[Opening GIVEN MATERIAL section]

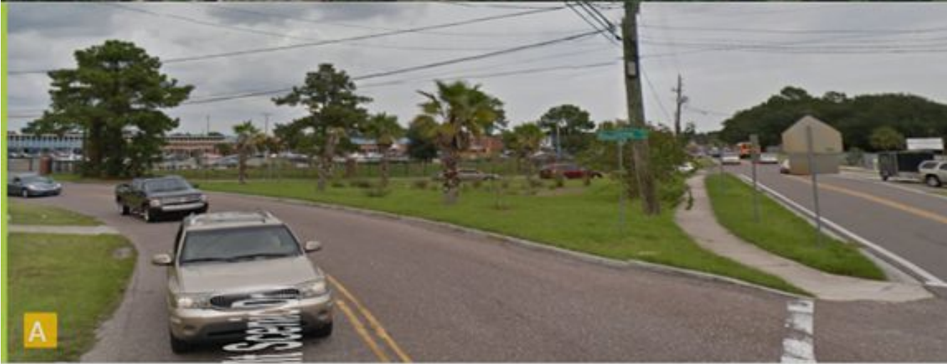
Traffic Triangle site at 3701 Winton Drive, Jacksonville, FL 32208
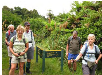
North South track notice
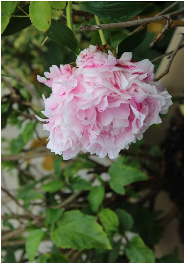
Blossoms: 14 PAEONIA SUFF. ANDREWS Pink Tree Peon

[Closing GIVEN MATERIAL section]

REQUIRED WORK: The required output consists only of the lines from the one containing "North South track notice" to the last line of the material, reproduced exactly, pictures excluded.

SOLUTION TO THIS PROBLEM:
North South track notice
Blossoms: 14 PAEONIA SUFF. ANDREWS Pink Tree Peon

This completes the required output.